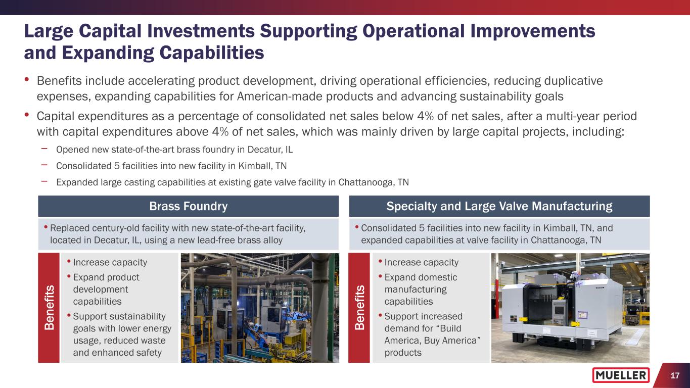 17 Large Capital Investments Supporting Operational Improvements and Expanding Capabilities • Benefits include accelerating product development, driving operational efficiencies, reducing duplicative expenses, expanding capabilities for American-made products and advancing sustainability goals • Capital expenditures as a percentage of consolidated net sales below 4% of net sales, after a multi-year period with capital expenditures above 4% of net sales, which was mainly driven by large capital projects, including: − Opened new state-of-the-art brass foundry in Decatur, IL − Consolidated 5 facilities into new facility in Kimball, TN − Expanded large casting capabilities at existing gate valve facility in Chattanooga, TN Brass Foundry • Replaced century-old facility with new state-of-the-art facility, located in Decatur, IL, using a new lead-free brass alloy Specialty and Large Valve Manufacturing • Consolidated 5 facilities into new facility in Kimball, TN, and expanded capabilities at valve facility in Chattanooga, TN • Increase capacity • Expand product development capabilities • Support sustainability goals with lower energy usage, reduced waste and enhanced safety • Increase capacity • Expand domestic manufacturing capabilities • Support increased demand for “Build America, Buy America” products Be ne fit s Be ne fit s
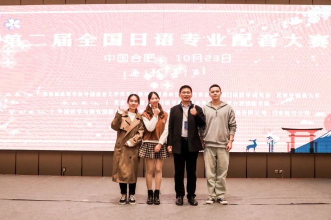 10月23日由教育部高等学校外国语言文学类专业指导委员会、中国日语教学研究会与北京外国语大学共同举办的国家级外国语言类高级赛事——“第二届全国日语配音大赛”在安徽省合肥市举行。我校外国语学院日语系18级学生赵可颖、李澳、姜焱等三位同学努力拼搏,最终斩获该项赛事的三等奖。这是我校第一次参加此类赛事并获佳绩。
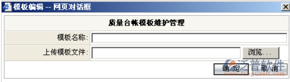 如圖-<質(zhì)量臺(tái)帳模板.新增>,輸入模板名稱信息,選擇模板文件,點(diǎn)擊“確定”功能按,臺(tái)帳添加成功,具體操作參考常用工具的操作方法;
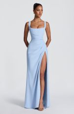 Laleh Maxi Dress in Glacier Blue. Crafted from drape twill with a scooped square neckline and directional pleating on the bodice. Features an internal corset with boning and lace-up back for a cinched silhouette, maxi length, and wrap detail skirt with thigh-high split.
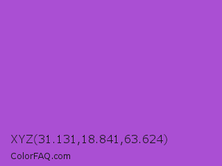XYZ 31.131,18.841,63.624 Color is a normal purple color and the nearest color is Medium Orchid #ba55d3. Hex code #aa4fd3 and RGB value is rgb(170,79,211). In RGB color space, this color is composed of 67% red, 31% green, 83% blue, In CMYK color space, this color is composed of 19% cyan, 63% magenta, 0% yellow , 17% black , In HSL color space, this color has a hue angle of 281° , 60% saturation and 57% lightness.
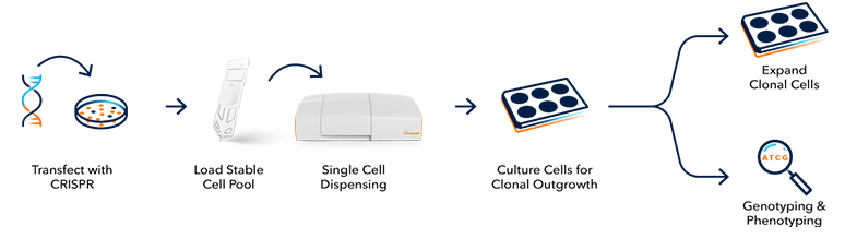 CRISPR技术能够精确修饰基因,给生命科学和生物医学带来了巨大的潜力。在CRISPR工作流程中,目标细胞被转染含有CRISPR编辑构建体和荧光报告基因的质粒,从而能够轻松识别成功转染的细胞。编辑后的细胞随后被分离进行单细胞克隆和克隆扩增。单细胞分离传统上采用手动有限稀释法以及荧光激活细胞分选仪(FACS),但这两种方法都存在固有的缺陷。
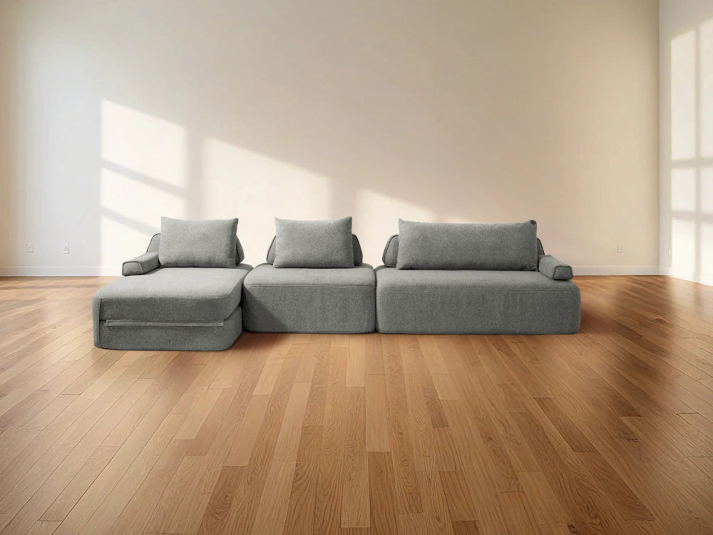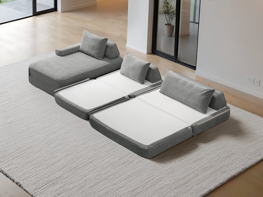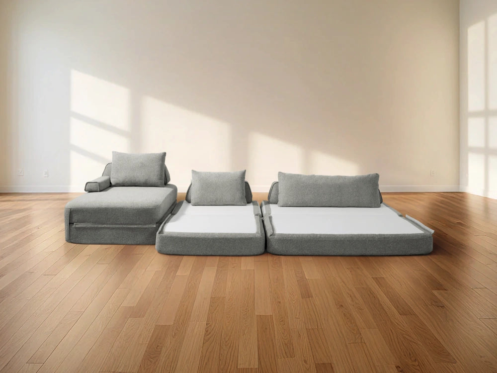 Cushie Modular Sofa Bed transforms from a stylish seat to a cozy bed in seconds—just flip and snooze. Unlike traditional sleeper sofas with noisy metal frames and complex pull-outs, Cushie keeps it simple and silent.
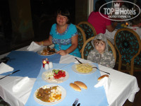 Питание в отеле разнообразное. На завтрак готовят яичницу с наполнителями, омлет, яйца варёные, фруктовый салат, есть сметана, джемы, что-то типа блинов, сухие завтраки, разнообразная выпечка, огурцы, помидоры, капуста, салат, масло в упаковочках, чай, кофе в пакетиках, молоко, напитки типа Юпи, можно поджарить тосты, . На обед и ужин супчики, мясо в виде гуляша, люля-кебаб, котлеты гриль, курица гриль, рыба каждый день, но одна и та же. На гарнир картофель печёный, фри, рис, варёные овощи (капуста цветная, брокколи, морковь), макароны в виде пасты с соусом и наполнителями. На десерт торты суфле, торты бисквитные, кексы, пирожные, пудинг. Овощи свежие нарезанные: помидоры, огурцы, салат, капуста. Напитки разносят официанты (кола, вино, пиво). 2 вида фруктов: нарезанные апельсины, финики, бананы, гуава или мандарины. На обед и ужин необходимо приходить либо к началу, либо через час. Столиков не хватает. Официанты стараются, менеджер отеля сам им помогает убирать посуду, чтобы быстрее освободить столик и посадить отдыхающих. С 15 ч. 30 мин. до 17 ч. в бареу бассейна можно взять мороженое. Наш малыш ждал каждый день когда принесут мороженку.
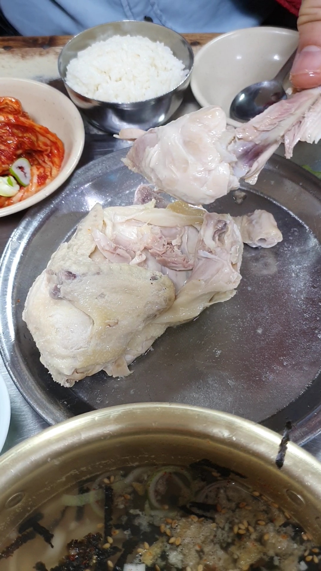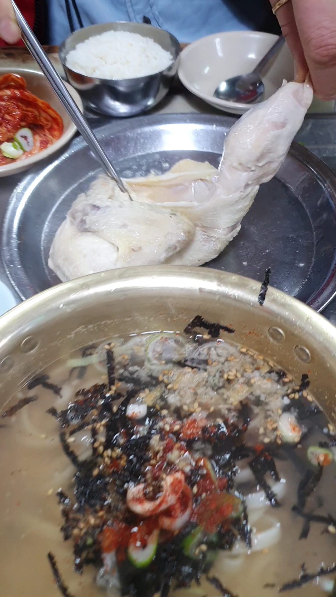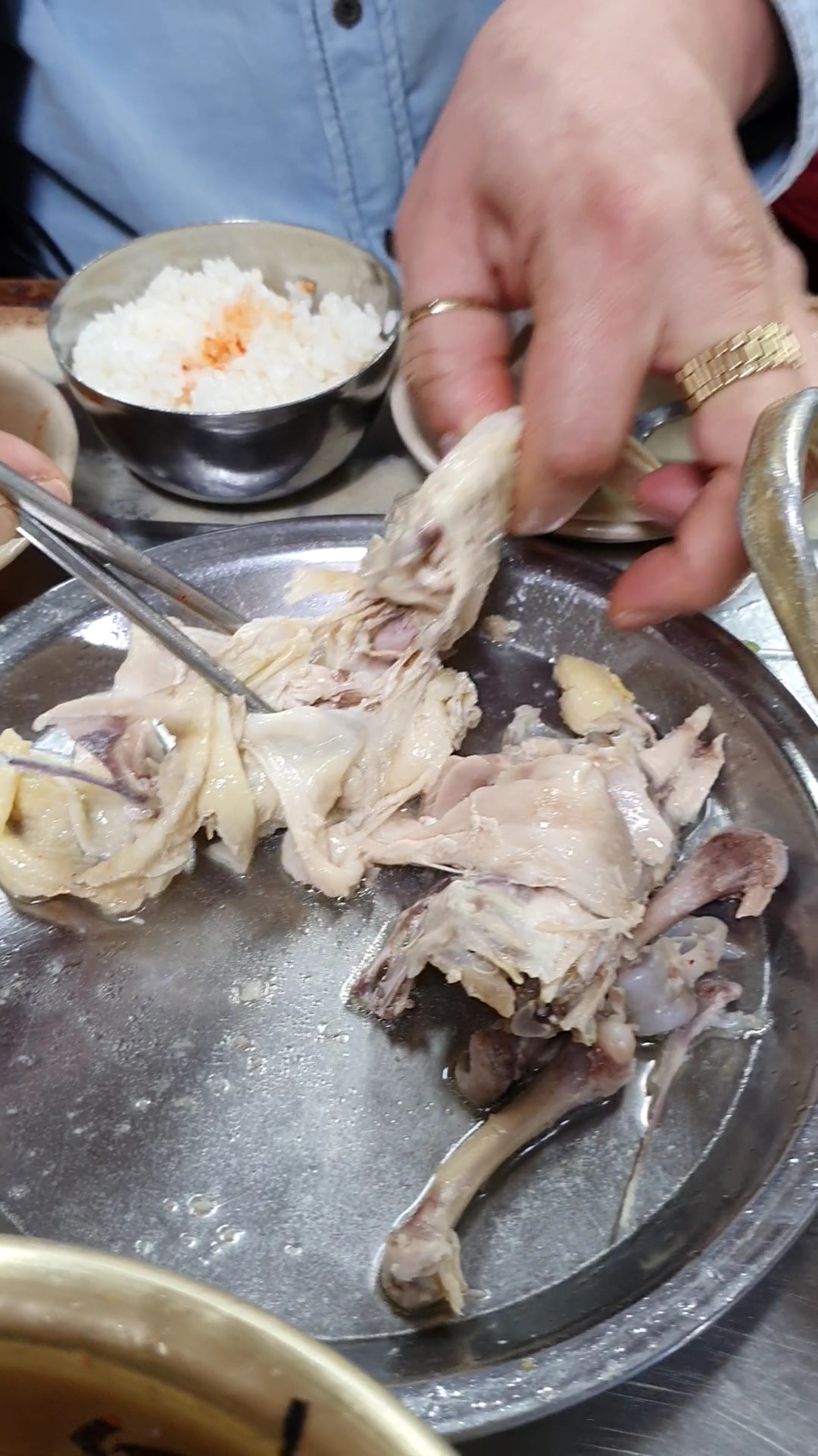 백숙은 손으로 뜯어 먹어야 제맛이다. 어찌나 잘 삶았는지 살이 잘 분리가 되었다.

» **EXERCISE DESCRIPTION**: Wherever a picture appears, omit it; copy the rest of the data exactly.

» **ANSWER TO THE EXERCISE**:
 17 Large Capital Investments Supporting Operational Improvements and Expanding Capabilities • Benefits include accelerating product development, driving operational efficiencies, reducing duplicative expenses, expanding capabilities for American-made products and advancing sustainability goals • Capital expenditures as a percentage of consolidated net sales below 4% of net sales, after a multi-year period with capital expenditures above 4% of net sales, which was mainly driven by large capital projects, including: − Opened new state-of-the-art brass foundry in Decatur, IL − Consolidated 5 facilities into new facility in Kimball, TN − Expanded large casting capabilities at existing gate valve facility in Chattanooga, TN Brass Foundry • Replaced century-old facility with new state-of-the-art facility, located in Decatur, IL, using a new lead-free brass alloy Specialty and Large Valve Manufacturing • Consolidated 5 facilities into new facility in Kimball, TN, and expanded capabilities at valve facility in Chattanooga, TN • Increase capacity • Expand product development capabilities • Support sustainability goals with lower energy usage, reduced waste and enhanced safety • Increase capacity • Expand domestic manufacturing capabilities • Support increased demand for “Build America, Buy America” products Be ne fit s Be ne fit s
 10月23日由教育部高等学校外国语言文学类专业指导委员会、中国日语教学研究会与北京外国语大学共同举办的国家级外国语言类高级赛事——“第二届全国日语配音大赛”在安徽省合肥市举行。我校外国语学院日语系18级学生赵可颖、李澳、姜焱等三位同学努力拼搏,最终斩获该项赛事的三等奖。这是我校第一次参加此类赛事并获佳绩。
 如圖-<質(zhì)量臺(tái)帳模板.新增>,輸入模板名稱信息,選擇模板文件,點(diǎn)擊“確定”功能按,臺(tái)帳添加成功,具體操作參考常用工具的操作方法;
 Laleh Maxi Dress in Glacier Blue. Crafted from drape twill with a scooped square neckline and directional pleating on the bodice. Features an internal corset with boning and lace-up back for a cinched silhouette, maxi length, and wrap detail skirt with thigh-high split.
XYZ 31.131,18.841,63.624 Color is a normal purple color and the nearest color is Medium Orchid #ba55d3. Hex code #aa4fd3 and RGB value is rgb(170,79,211). In RGB color space, this color is composed of 67% red, 31% green, 83% blue, In CMYK color space, this color is composed of 19% cyan, 63% magenta, 0% yellow , 17% black , In HSL color space, this color has a hue angle of 281° , 60% saturation and 57% lightness.
 CRISPR技术能够精确修饰基因,给生命科学和生物医学带来了巨大的潜力。在CRISPR工作流程中,目标细胞被转染含有CRISPR编辑构建体和荧光报告基因的质粒,从而能够轻松识别成功转染的细胞。编辑后的细胞随后被分离进行单细胞克隆和克隆扩增。单细胞分离传统上采用手动有限稀释法以及荧光激活细胞分选仪(FACS),但这两种方法都存在固有的缺陷。
 Cushie Modular Sofa Bed transforms from a stylish seat to a cozy bed in seconds—just flip and snooze. Unlike traditional sleeper sofas with noisy metal frames and complex pull-outs, Cushie keeps it simple and silent.
 Питание в отеле разнообразное. На завтрак готовят яичницу с наполнителями, омлет, яйца варёные, фруктовый салат, есть сметана, джемы, что-то типа блинов, сухие завтраки, разнообразная выпечка, огурцы, помидоры, капуста, салат, масло в упаковочках, чай, кофе в пакетиках, молоко, напитки типа Юпи, можно поджарить тосты, . На обед и ужин супчики, мясо в виде гуляша, люля-кебаб, котлеты гриль, курица гриль, рыба каждый день, но одна и та же. На гарнир картофель печёный, фри, рис, варёные овощи (капуста цветная, брокколи, морковь), макароны в виде пасты с соусом и наполнителями. На десерт торты суфле, торты бисквитные, кексы, пирожные, пудинг. Овощи свежие нарезанные: помидоры, огурцы, салат, капуста. Напитки разносят официанты (кола, вино, пиво). 2 вида фруктов: нарезанные апельсины, финики, бананы, гуава или мандарины. На обед и ужин необходимо приходить либо к началу, либо через час. Столиков не хватает. Официанты стараются, менеджер отеля сам им помогает убирать посуду, чтобы быстрее освободить столик и посадить отдыхающих. С 15 ч. 30 мин. до 17 ч. в бареу бассейна можно взять мороженое. Наш малыш ждал каждый день когда принесут мороженку.
 백숙은 손으로 뜯어 먹어야 제맛이다. 어찌나 잘 삶았는지 살이 잘 분리가 되었다.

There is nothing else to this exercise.